» **What you need to do**
What is needed is a verbatim copy of all the records.

━━━━━━━━━━━━━━━━━━━━

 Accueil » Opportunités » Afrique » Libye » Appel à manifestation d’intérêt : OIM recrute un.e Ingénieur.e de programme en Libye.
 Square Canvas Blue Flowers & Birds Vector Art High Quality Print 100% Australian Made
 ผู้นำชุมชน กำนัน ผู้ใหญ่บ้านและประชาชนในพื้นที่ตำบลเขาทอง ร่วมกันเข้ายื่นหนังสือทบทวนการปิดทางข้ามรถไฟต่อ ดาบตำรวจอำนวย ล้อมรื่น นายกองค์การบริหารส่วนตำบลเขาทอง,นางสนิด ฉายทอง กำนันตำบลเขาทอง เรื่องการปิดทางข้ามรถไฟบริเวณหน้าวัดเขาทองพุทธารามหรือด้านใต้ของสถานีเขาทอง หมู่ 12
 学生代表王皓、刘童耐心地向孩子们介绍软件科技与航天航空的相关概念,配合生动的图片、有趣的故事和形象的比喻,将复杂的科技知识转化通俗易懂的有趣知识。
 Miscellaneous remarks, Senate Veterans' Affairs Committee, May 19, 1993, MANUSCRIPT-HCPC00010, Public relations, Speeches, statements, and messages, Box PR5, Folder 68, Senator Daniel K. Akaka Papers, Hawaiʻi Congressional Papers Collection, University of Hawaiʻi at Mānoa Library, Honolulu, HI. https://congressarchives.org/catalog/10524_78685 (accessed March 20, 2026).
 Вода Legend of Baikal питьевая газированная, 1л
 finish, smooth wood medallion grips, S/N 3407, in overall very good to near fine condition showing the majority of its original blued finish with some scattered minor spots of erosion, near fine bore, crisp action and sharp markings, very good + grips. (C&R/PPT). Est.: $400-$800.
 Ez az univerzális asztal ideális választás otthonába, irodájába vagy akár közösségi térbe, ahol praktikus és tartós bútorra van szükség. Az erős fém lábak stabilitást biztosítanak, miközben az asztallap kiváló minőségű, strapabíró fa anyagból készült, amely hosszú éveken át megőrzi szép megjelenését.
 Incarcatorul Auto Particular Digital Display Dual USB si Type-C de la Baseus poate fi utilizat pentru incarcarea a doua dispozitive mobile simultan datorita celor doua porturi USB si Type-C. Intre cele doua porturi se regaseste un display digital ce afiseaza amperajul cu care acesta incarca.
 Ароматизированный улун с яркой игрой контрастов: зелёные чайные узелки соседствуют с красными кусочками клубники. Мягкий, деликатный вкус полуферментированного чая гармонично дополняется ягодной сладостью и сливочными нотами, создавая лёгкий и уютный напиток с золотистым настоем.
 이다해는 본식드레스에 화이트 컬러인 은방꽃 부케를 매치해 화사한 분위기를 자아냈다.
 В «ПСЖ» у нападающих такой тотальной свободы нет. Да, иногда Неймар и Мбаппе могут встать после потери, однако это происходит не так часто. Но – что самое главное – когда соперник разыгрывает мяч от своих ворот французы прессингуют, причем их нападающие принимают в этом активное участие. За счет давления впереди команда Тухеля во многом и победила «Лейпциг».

━━━━━━━━━━━━━━━━━━━━

» **Answer box**
 Accueil » Opportunités » Afrique » Libye » Appel à manifestation d’intérêt : OIM recrute un.e Ingénieur.e de programme en Libye.
 Square Canvas Blue Flowers & Birds Vector Art High Quality Print 100% Australian Made
 ผู้นำชุมชน กำนัน ผู้ใหญ่บ้านและประชาชนในพื้นที่ตำบลเขาทอง ร่วมกันเข้ายื่นหนังสือทบทวนการปิดทางข้ามรถไฟต่อ ดาบตำรวจอำนวย ล้อมรื่น นายกองค์การบริหารส่วนตำบลเขาทอง,นางสนิด ฉายทอง กำนันตำบลเขาทอง เรื่องการปิดทางข้ามรถไฟบริเวณหน้าวัดเขาทองพุทธารามหรือด้านใต้ของสถานีเขาทอง หมู่ 12
 学生代表王皓、刘童耐心地向孩子们介绍软件科技与航天航空的相关概念,配合生动的图片、有趣的故事和形象的比喻,将复杂的科技知识转化通俗易懂的有趣知识。
 Miscellaneous remarks, Senate Veterans' Affairs Committee, May 19, 1993, MANUSCRIPT-HCPC00010, Public relations, Speeches, statements, and messages, Box PR5, Folder 68, Senator Daniel K. Akaka Papers, Hawaiʻi Congressional Papers Collection, University of Hawaiʻi at Mānoa Library, Honolulu, HI. https://congressarchives.org/catalog/10524_78685 (accessed March 20, 2026).
 Вода Legend of Baikal питьевая газированная, 1л
 finish, smooth wood medallion grips, S/N 3407, in overall very good to near fine condition showing the majority of its original blued finish with some scattered minor spots of erosion, near fine bore, crisp action and sharp markings, very good + grips. (C&R/PPT). Est.: $400-$800.
 Ez az univerzális asztal ideális választás otthonába, irodájába vagy akár közösségi térbe, ahol praktikus és tartós bútorra van szükség. Az erős fém lábak stabilitást biztosítanak, miközben az asztallap kiváló minőségű, strapabíró fa anyagból készült, amely hosszú éveken át megőrzi szép megjelenését.
 Incarcatorul Auto Particular Digital Display Dual USB si Type-C de la Baseus poate fi utilizat pentru incarcarea a doua dispozitive mobile simultan datorita celor doua porturi USB si Type-C. Intre cele doua porturi se regaseste un display digital ce afiseaza amperajul cu care acesta incarca.
 Ароматизированный улун с яркой игрой контрастов: зелёные чайные узелки соседствуют с красными кусочками клубники. Мягкий, деликатный вкус полуферментированного чая гармонично дополняется ягодной сладостью и сливочными нотами, создавая лёгкий и уютный напиток с золотистым настоем.
 이다해는 본식드레스에 화이트 컬러인 은방꽃 부케를 매치해 화사한 분위기를 자아냈다.
 В «ПСЖ» у нападающих такой тотальной свободы нет. Да, иногда Неймар и Мбаппе могут встать после потери, однако это происходит не так часто. Но – что самое главное – когда соперник разыгрывает мяч от своих ворот французы прессингуют, причем их нападающие принимают в этом активное участие. За счет давления впереди команда Тухеля во многом и победила «Лейпциг».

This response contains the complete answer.